:: What you are asked to do ::
Look below for the line containing "Figure 2 Myocardial" and the line containing "Increasing age, male"; repeat exactly those two lines and all lines between them, and nothing else.

:: Provided records ::
________

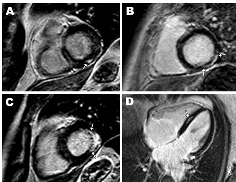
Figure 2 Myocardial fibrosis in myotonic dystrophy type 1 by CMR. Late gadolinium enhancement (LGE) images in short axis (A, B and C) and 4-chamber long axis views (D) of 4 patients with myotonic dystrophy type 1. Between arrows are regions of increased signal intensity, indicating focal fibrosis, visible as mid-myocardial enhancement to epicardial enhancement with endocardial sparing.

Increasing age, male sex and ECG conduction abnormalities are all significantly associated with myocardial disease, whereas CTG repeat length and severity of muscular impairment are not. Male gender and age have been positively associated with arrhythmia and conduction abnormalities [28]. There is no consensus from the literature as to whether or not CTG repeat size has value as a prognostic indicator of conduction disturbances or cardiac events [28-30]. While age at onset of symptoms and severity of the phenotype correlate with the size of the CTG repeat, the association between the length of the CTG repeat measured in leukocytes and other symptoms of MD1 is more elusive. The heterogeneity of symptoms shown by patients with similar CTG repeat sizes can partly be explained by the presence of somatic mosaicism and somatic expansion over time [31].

________

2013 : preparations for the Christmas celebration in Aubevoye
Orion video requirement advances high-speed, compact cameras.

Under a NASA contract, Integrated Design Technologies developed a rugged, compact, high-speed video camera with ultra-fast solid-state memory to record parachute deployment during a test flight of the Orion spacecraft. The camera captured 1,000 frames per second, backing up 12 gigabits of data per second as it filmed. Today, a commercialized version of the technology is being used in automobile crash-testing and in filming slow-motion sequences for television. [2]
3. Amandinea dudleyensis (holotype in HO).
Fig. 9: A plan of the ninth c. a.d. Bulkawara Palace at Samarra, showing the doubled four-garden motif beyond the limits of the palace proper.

________

:: Answer ::
Figure 2 Myocardial fibrosis in myotonic dystrophy type 1 by CMR. Late gadolinium enhancement (LGE) images in short axis (A, B and C) and 4-chamber long axis views (D) of 4 patients with myotonic dystrophy type 1. Between arrows are regions of increased signal intensity, indicating focal fibrosis, visible as mid-myocardial enhancement to epicardial enhancement with endocardial sparing.

Increasing age, male sex and ECG conduction abnormalities are all significantly associated with myocardial disease, whereas CTG repeat length and severity of muscular impairment are not. Male gender and age have been positively associated with arrhythmia and conduction abnormalities [28]. There is no consensus from the literature as to whether or not CTG repeat size has value as a prognostic indicator of conduction disturbances or cardiac events [28-30]. While age at onset of symptoms and severity of the phenotype correlate with the size of the CTG repeat, the association between the length of the CTG repeat measured in leukocytes and other symptoms of MD1 is more elusive. The heterogeneity of symptoms shown by patients with similar CTG repeat sizes can partly be explained by the presence of somatic mosaicism and somatic expansion over time [31].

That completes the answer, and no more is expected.